For targeted screening of mycotoxins, methanolic extracts of PDA plates (Section 5.4, Extraction of PDA Plates) were used. UHPLC-HRMS/MS analysis was performed according to the study of Dzuman et al. [39]. The UHPLC-HRMS/MS method is described in detail in the Supplementary Text and in Tables S8 and S9. For the semi-quantitative results, an external solvent (methanol) calibration series of mycotoxin standards (Section 5.1, Analytical Standards and Chemicals) was created in the concentration range of 0.5–200 ng·mL⁻¹. The determined limits of quantification (LOQs) of all detected mycotoxins are summarized in Table S10. The significance of the differences between the PEF-treated and control samples was statistically evaluated using the Wilcoxon rank-sum test (p-value < 0.1) performed in MetaboAnalyst.

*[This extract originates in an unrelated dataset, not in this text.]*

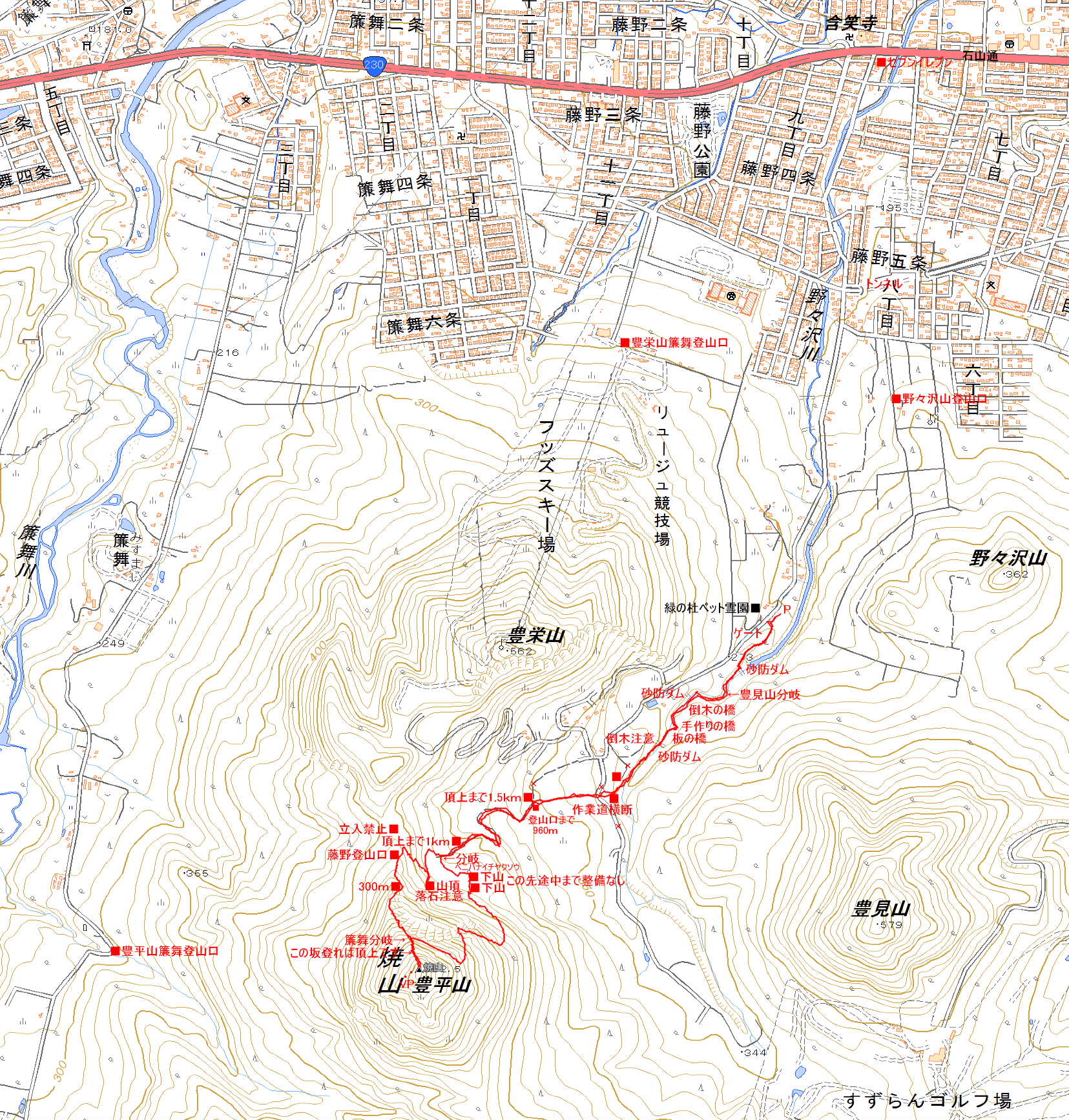 | タヌキの糞 | 簾舞分岐 | 硬石山が | 採石跡 |

5.8. Viability Test and Statistical Evaluation

Fusarium spore viability testing was performed on PDA plates prepared according to Section 5.3, PDA Plate Preparation. The number of colony-forming units (CFUs) per plate was counted after 3 days of cultivation. Statistical differences between the PEF-treated and control samples were analyzed by ANOVA (analysis of variance) with a 95% confidence interval and 5% level of significance separately for each Fusarium species. ANOVA was performed using STATISTICA software (ver. 14.0.0.15, TIBCO, Palo Alto, CA, USA).